Understanding the Paxos Consensus Algorithm for Distributed Systems

The Problem That Paxos Addresses

The Paxos algorithm often appears cryptic and difficult to grasp. While numerous papers and articles exist, many feel abstract and unclear about its core principles and practical applications.

This complexity stems from two factors: most Paxos materials focus on formal proofs of algorithm correctness, making them inherently dense, and there are limited mature engineering implementations based on Paxos. This discussion aims to approach the topic progressively, starting from problems and gradually exploring Paxos concepts.

A Fundamental Concurrency Challenge

Consider a basic concurrency issue illustrated with a key-value storage cluster. Three clients concurrently send requests to a three-node cluster. When retrieving value X, what should its final state be?

The answer is: X could equal 1, 3, or 5 - all are valid! However, X=4 would be incorrect. Since clients operate concurrently, request arrival order at servers remains uncertain, allowing multiple valid outcomes.

A crucial insight: if the final cluster state shows X=1, then Client1's request (X=1) receives confirmation, while Client2's (X=3) and Client3's (X=5) requests effectively get rejected. Similar reasoning applies when X equals 3 or 5. This behavior represents a fundamental characteristic of the Paxos protocol.

Understanding Sequential Ordering

Expanding the scenario: consider a three-machine KV cluster where nodes communicate by propagating values. Each client sends requests to different machines. Each machine logs received requests (both client and inter-node communications). After processing completes, what sequence should each machine maintain?

The conclusion: regardless of ordering, if all three machines maintain identical log sequences, the result is correct. With three items, total permutations (6 cases) all remain valid. For instance, if all machines store X=1, X=3, X=5 in that order, the final cluster value becomes 5. Other scenarios follow similarly.

Incorrect scenarios occur when: Machine1 maintains sequence 1,3,5 (resulting in X=5), Machine2 has 3,5,1 (resulting in X=1), and Machine3 holds 1,5,3 (resulting in X=3). The machines disagree on X's value.

This example illustrates sequential ordering: while clients operate concurrently without precedence, server clusters must ensure identical log ordering across all machines - achieving distributed consistency.

What Paxos Resolves

In the example, Node1 receives X=1 then replicates to Node2 and Node3; Node2 receives X=3 then replicates to Node1 and Node3; Node3 receives X=5 then replicates to Node1 and Node2.

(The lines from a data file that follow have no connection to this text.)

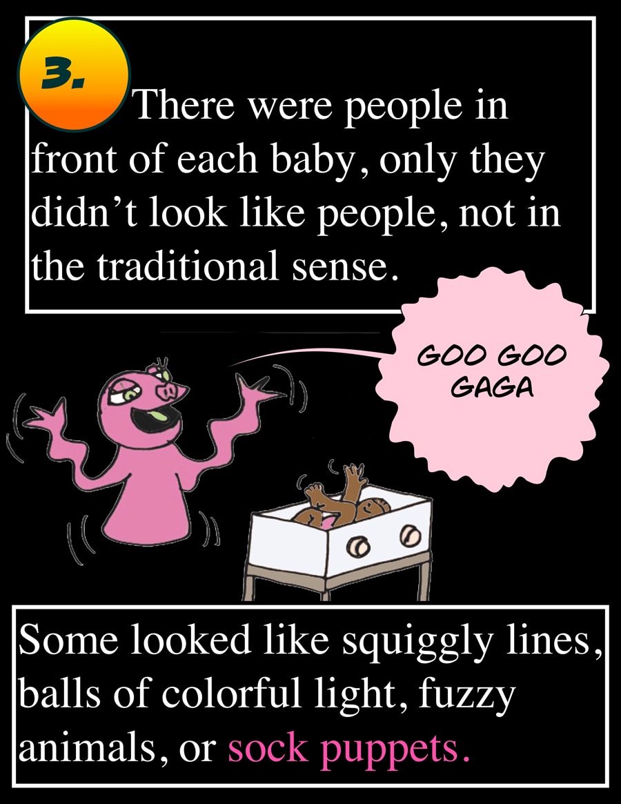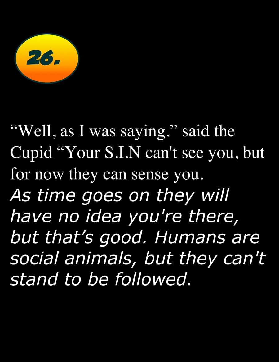 Everyone has an invisible Guardian angel, who are shape shifters that pick their own form. Which can be anything from a person, animal or object depending on the personality of the person they guard.
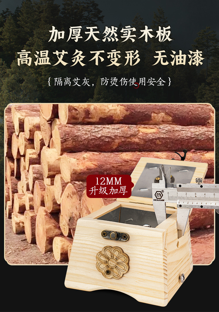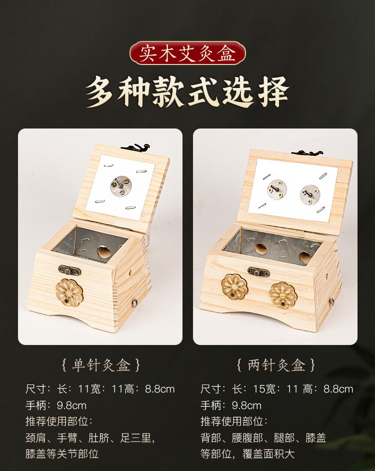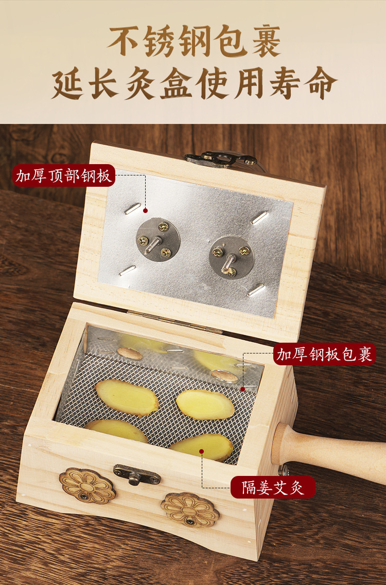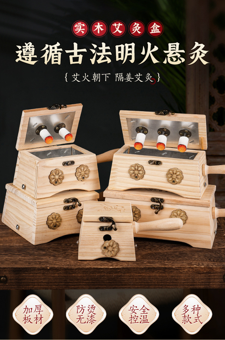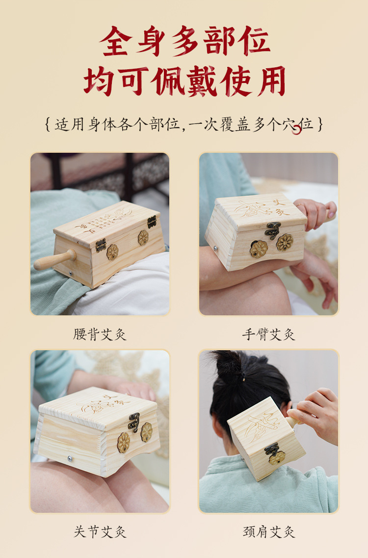 【实木制艾灸盒】家用随身灸腹部肚子 大号多孔悬炙全身灸艾灸器具
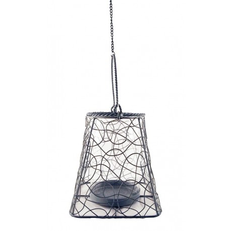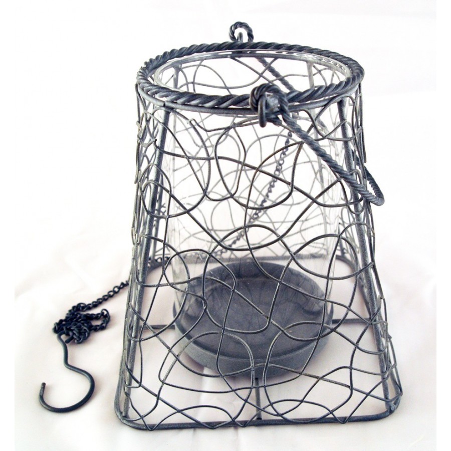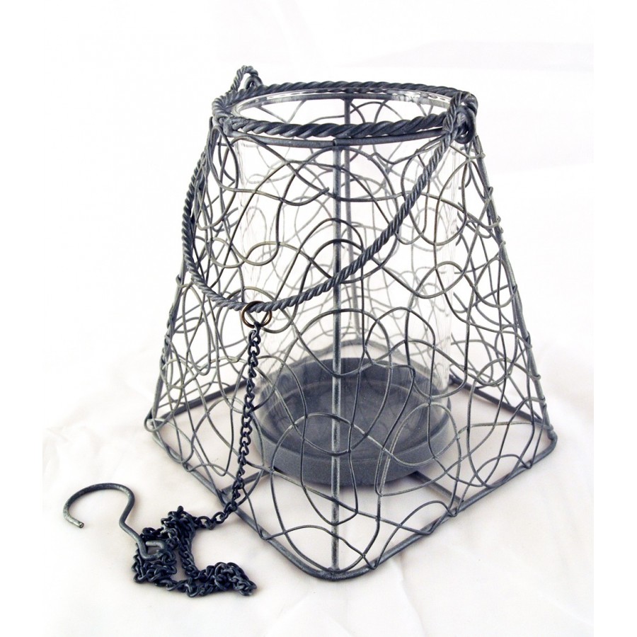 Lampion szary wykonany w stylu prowansalskim o pięknym zdobieniu stworzonym z plątaniny ładnie ułożonych drucików to wyjątkowa propozycja o gustownym wyglądzie. Wewnątrz lampionu umieszczono szklane naczynie oraz podest na świeczkę. Całość zawieszono na ładnym, szarym łańcuszku zakończonym haczykiem.

With concurrent clients and concurrent replication between nodes, how can we guarantee identical log sequences across all nodes? This challenge represents the core problem that Paxos addresses.

Replicated State Machines

Previous discussions addressed log replication issues - each node stores log sequences with guaranteed consistency between nodes. Some might ask: why store logs instead of final data directly?

Consider variables or objects as state machines. Each write request represents an event causing state machine transitions, which constitutes the log.

Using the simple variable X example: with one node and three client commands modifying X, the final state becomes 6.

Extending variable X to MySQL databases, clients send various DML operations that become persistent Binlog entries. These logs then generate database tables (state machines).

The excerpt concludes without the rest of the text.